## PROVIDED MATERIAL
-=-=-
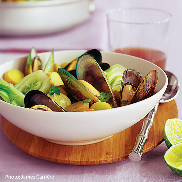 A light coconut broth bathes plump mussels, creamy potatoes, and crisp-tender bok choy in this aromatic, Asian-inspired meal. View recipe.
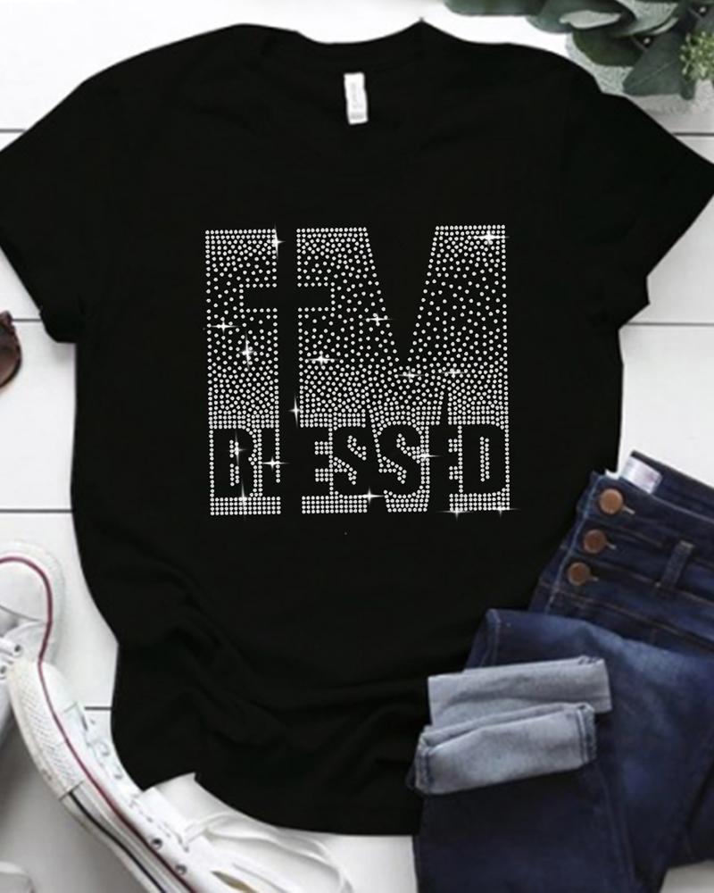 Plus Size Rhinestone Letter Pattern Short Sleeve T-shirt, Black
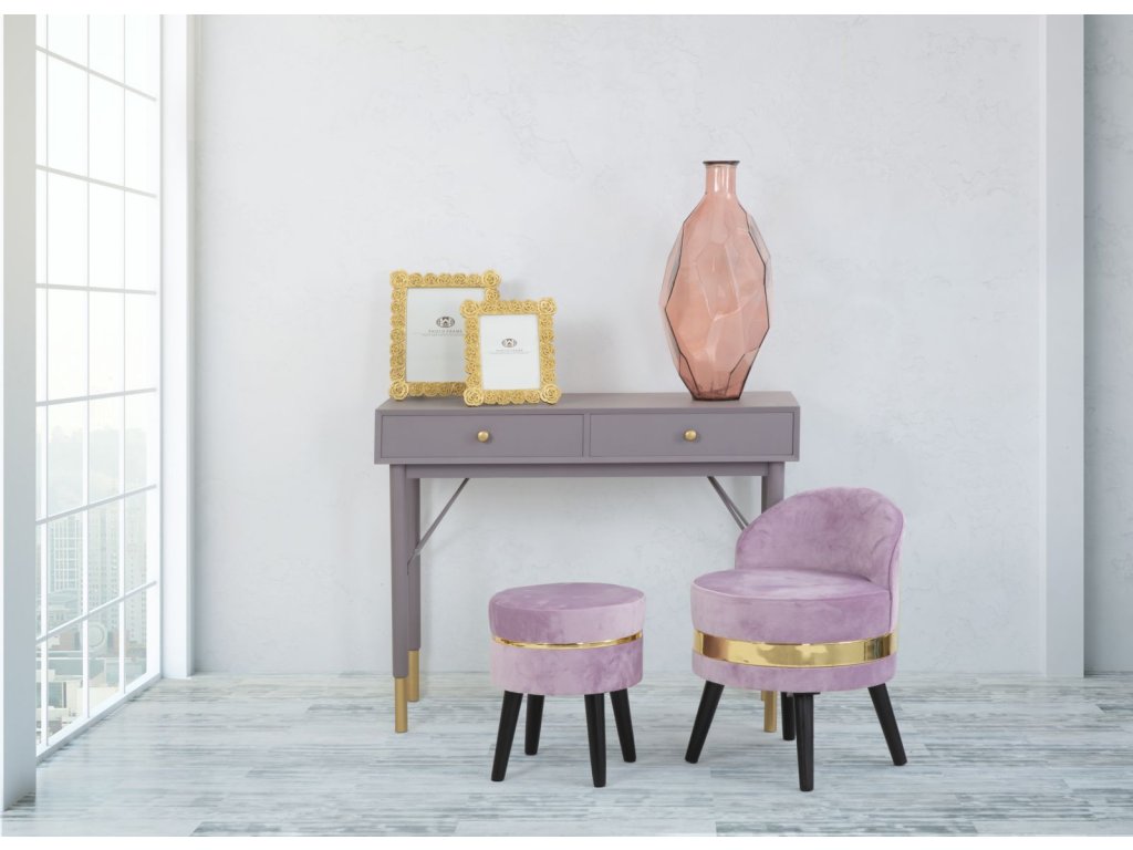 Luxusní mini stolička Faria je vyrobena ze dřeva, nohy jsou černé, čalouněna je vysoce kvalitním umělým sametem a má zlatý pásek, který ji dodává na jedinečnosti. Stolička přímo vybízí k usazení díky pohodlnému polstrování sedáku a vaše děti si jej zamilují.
-=-=-
## WHAT TO WORK ON
Working from the material above, transcribe it exactly while omitting pictures.

## RESULT
 A light coconut broth bathes plump mussels, creamy potatoes, and crisp-tender bok choy in this aromatic, Asian-inspired meal. View recipe.
 Plus Size Rhinestone Letter Pattern Short Sleeve T-shirt, Black
 Luxusní mini stolička Faria je vyrobena ze dřeva, nohy jsou černé, čalouněna je vysoce kvalitním umělým sametem a má zlatý pásek, který ji dodává na jedinečnosti. Stolička přímo vybízí k usazení díky pohodlnému polstrování sedáku a vaše děti si jej zamilují.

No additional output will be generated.